Thread (39 messages) 39 messages, 5 authors, 2020-03-01

Re: [PATCH RFC] ext4: fix potential race between online resizing and write operations

From: Joel Fernandes <hidden>
Date: 2020-02-22 22:24:22
Also in: lkml

On Fri, Feb 21, 2020 at 12:22:50PM -0800, Paul E. McKenney wrote:
On Fri, Feb 21, 2020 at 02:14:55PM +0100, Uladzislau Rezki wrote:
quoted
On Thu, Feb 20, 2020 at 04:30:35PM -0800, Paul E. McKenney wrote:
quoted
On Wed, Feb 19, 2020 at 11:52:33PM -0500, Theodore Y. Ts'o wrote:
quoted
On Tue, Feb 18, 2020 at 06:08:57PM +0100, Uladzislau Rezki wrote:
quoted
now it becomes possible to use it like: 
	...
	void *p = kvmalloc(PAGE_SIZE);
	kvfree_rcu(p);
	...
also have a look at the example in the mm/list_lru.c diff.
I certainly like the interface, thanks!  I'm going to be pushing
patches to fix this using ext4_kvfree_array_rcu() since there are a
number of bugs in ext4's online resizing which appear to be hitting
multiple cloud providers (with reports from both AWS and GCP) and I
want something which can be easily backported to stable kernels.

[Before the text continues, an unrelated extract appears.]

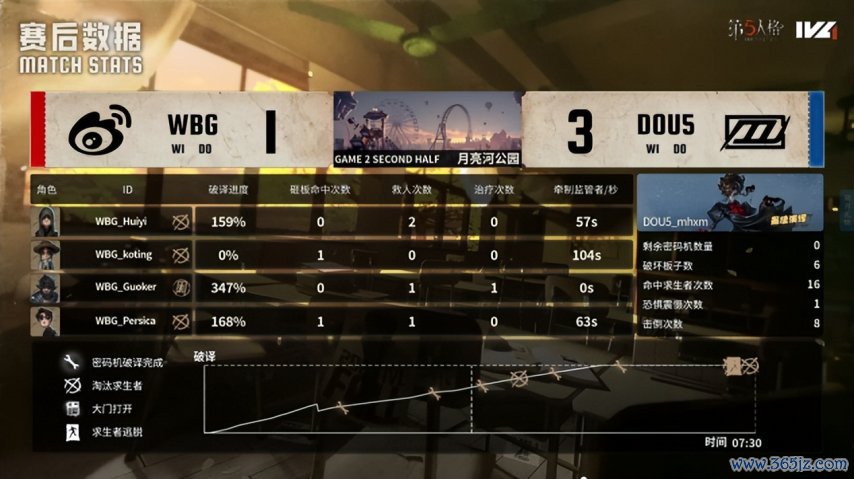北京WBG的求生者选拔了魔术师、木偶师、脱逃众人、弓箭手;DOU5的监管者mhxm选拔了杂货商。(BAN先知、大副、庆幸儿、时势学家)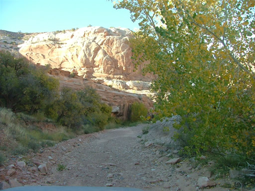 The trail started out as expected, wide and mellow. Then it suddenly got narrower and rocky as we wound through a dried-up riverbed. The Cottonwood trees were half yellow and half green and very leafy, making the trip through the canyon very beautiful. This was already a nice trail.

But once kvfree_rcu() hits mainline, I'll switch ext4 to use it, since
your kvfree_rcu() is definitely more efficient than my expedient
jury-rig.

I don't feel entirely competent to review the implementation, but I do
have one question.  It looks like the rcutiny implementation of
kfree_call_rcu() isn't going to do the right thing with kvfree_rcu(p).
Am I missing something?
Good catch!  I believe that rcu_reclaim_tiny() would need to do
kvfree() instead of its current kfree().

Vlad, anything I am missing here?
Yes something like that. There are some open questions about
realization, when it comes to tiny RCU. Since we are talking
about "headless" kvfree_rcu() interface, i mean we can not link
freed "objects" between each other, instead we should place a
pointer directly into array that will be drained later on.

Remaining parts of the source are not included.